Recorded information:
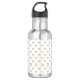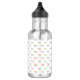 Stainless steel water bottle with a black cap and a colorful pattern of diagonal lines on a white background. The design is vibrant and modern.
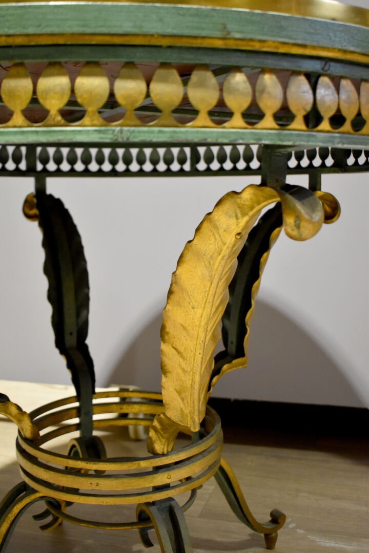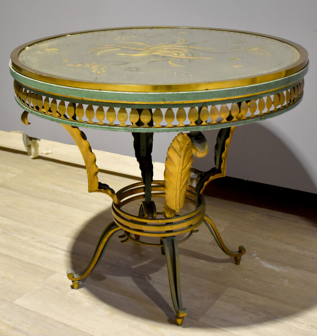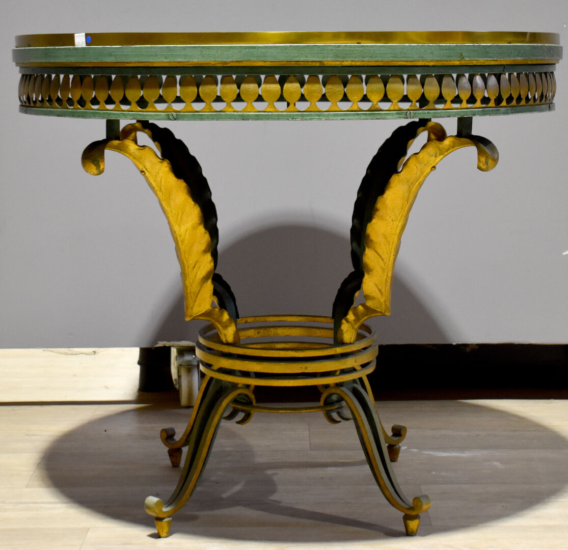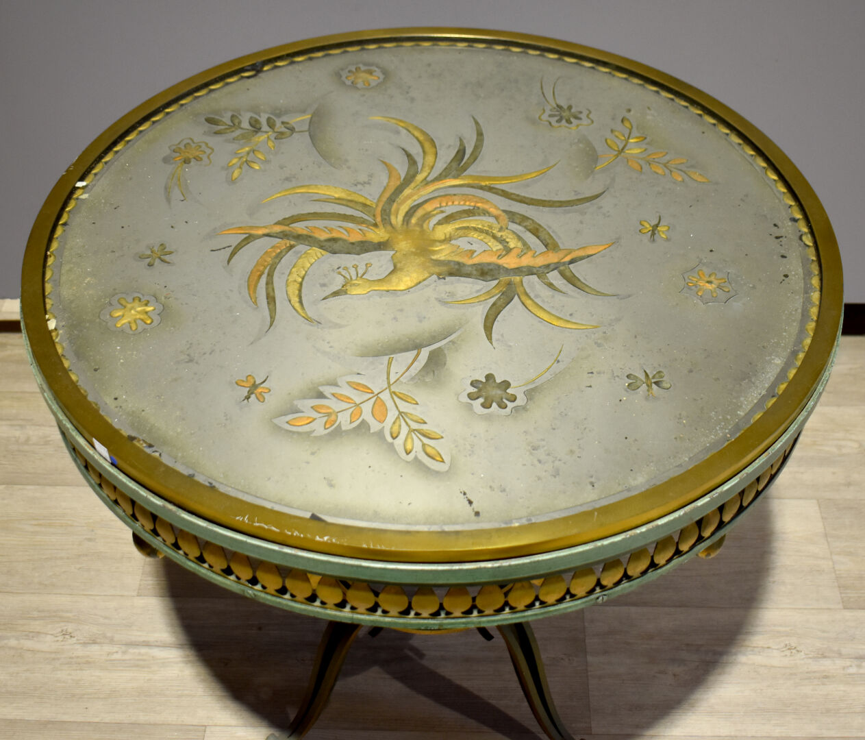 Table en fer et bronze laqués vert et or. La ceinture ajourée d’un motif de feuilles stylisées, elle repose sur quatre pieds en console. Plateau garni d’une glace à décor églomisé d’un phoenix (un éclat d’origine? . Vers 1940. Haut. : 71 cm – Diam. : 80 cm.
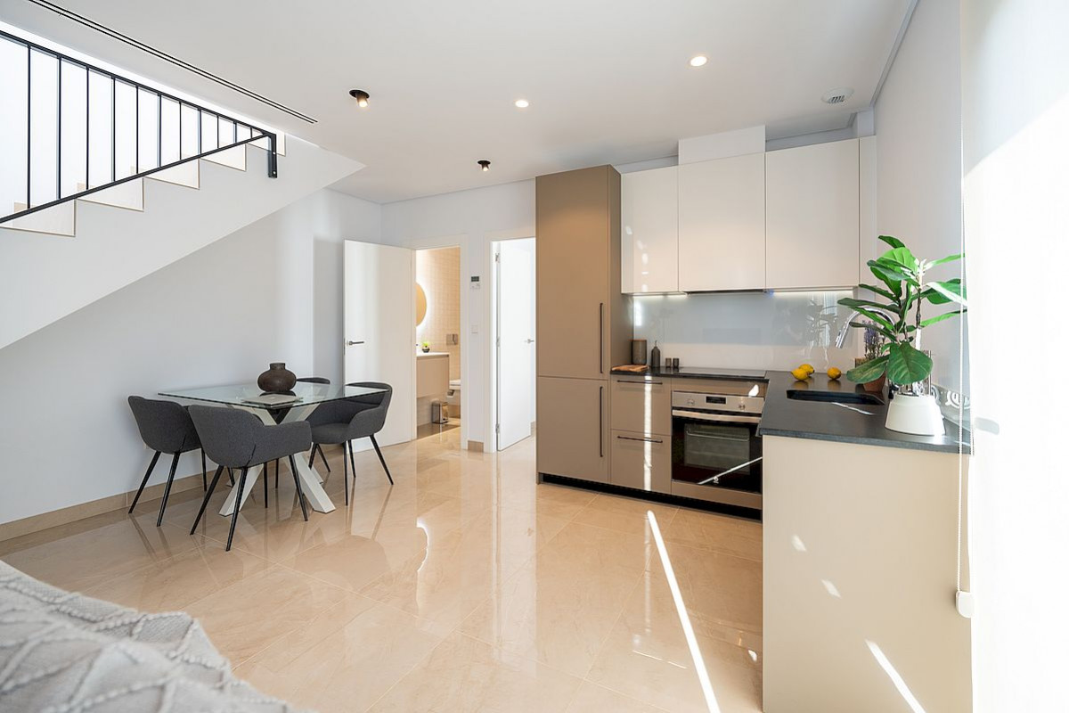 These two-storey properties comprise of three bedrooms (the master with access to a private terrace, all with fitted wardrobes), three bathrooms, fully-fitted modern kitchen (including white goods) and open-plan living/dining area, leading to the private garden and parking space.

Exercise description: Write out, exactly, the lines of the material from the very first through the line containing "Table en fer", and leave out every picture.

Result for this exercise:
 Stainless steel water bottle with a black cap and a colorful pattern of diagonal lines on a white background. The design is vibrant and modern.
 Table en fer et bronze laqués vert et or. La ceinture ajourée d’un motif de feuilles stylisées, elle repose sur quatre pieds en console. Plateau garni d’une glace à décor églomisé d’un phoenix (un éclat d’origine? . Vers 1940. Haut. : 71 cm – Diam. : 80 cm.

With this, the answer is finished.